Exercise prompt: Given the records underneath, please repeat exactly the lines from the line with "American Bling Western" through the line with "Vliestapete mit Vinyloberfläche, Cremetöne, barockes", passing over any picture.

::: Source material

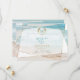 Save the Date de Casamento | Casamento de Praia Geométrico com Monograma Moderno | Um toque moderno nos convites de Casamento de Praia - Convite de Casamento único, projetado para a NoivaDescalça™ pela ©WhimsicalArtwork™, apresenta uma forma geométrica em estilo de terrário deslocado com transparências variadas nas facetas para permitir que o fundo da Praia Tropical do Oceano seja exibido em uma variedade de formas e intensidades. Uma abordagem lúdica da tipografia no texto - com as iniciais dos nomes da Noiva e do Noivo cercadas por uma coroa de louros no topo - em duas cores (turquesa e dourado) - seguida por fontes serifadas coordenadas em verde azulado suave (capturado do oceano), turquesa (capturado das ondas do oceano no fundo) e letras douradas. Os detalhes do casamento, limpos e simples, apenas na frente do convite - um design de praia tropical coordenado no verso. Todo o texto, incluindo estilos de fonte e cores, é personalizável
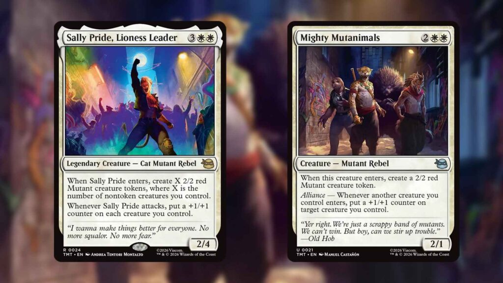 While every MTG Limited set is bound to have some broken bombs, the TMNT crossover is taking that idea to another level. According to 17lands.com‘s early TMNT Limited data, Sally Pride, Lioness Leader and Mighty Mutanimals have winrates that are higher than most cards at their rarity in any Limited set.
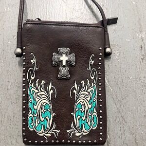 American Bling Western Leather Embossed Turquoise Cross Studded Crossbody Bag
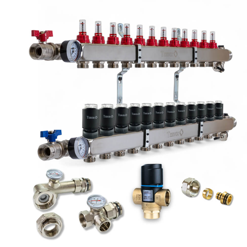 Описание Комплект обладнання для водяної теплої підлоги на 12 контурів Tervix (521102)
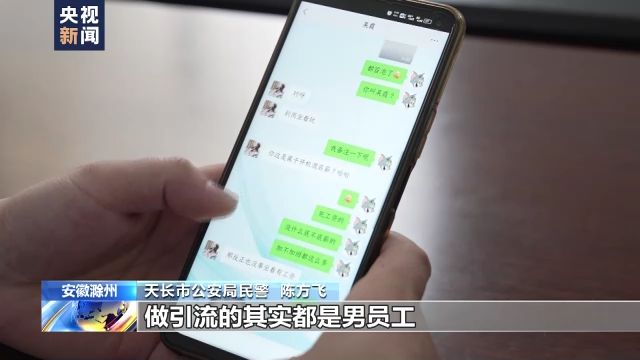 安徽省天長市公安局民警 陳方飛:他們這個犯罪團(tuán)伙里面有個崗位叫“引流”,做“引流”的其實(shí)都是男員工,在他們內(nèi)部也叫“運(yùn)營”。他們利用女主播的頭像去注冊社交賬號,也會發(fā)一些女主播的日常生活視頻在這個賬號上,然后在各個社交平臺上物色男性客戶,主動去搭訕,吸引他們的關(guān)注。
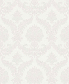 Vliestapete mit Vinyloberfläche, Cremetöne, barockes Damastmuster.
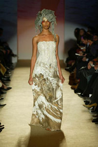 時尚的實驗---如它所被定義的那樣---以擁有無數(shù)的褒獎和特殊的證明為榮耀,并在世界范圍內擁有無數(shù)的追隨者。她設計的多樣性使將她帶到比利時首席設計師Micha Van Hoecke的服裝秀去設計高級女裝。她明了且有棱角的風格在她對顏色、材料和傳統(tǒng)的運用上無不發(fā)揮的淋漓盡致。Marella Ferrera的風格被描繪成既冷靜又線條明朗,通過對于一些原始材料的使用,像熔巖,玻璃,海芋,百合,無色水晶,刺繡雕刻,她常常創(chuàng)造出一些微型的藝術品.西西里亞、拉瓦、十勝石、陶瓦、無色水晶、銅、紙草以及紡織紙品,軟木和棕櫚樹根、皮革、緞帶、所有的蔬菜和動物的毛皮等等都會成為她穿著的重要的靈感來源。"...服裝必須是完美協(xié)調穿著者的東西,而不能讓人成為服裝的傀儡..."

::::::

Task result:
 American Bling Western Leather Embossed Turquoise Cross Studded Crossbody Bag
 Описание Комплект обладнання для водяної теплої підлоги на 12 контурів Tervix (521102)
 安徽省天長市公安局民警 陳方飛:他們這個犯罪團(tuán)伙里面有個崗位叫“引流”,做“引流”的其實(shí)都是男員工,在他們內(nèi)部也叫“運(yùn)營”。他們利用女主播的頭像去注冊社交賬號,也會發(fā)一些女主播的日常生活視頻在這個賬號上,然后在各個社交平臺上物色男性客戶,主動去搭訕,吸引他們的關(guān)注。
 Vliestapete mit Vinyloberfläche, Cremetöne, barockes Damastmuster.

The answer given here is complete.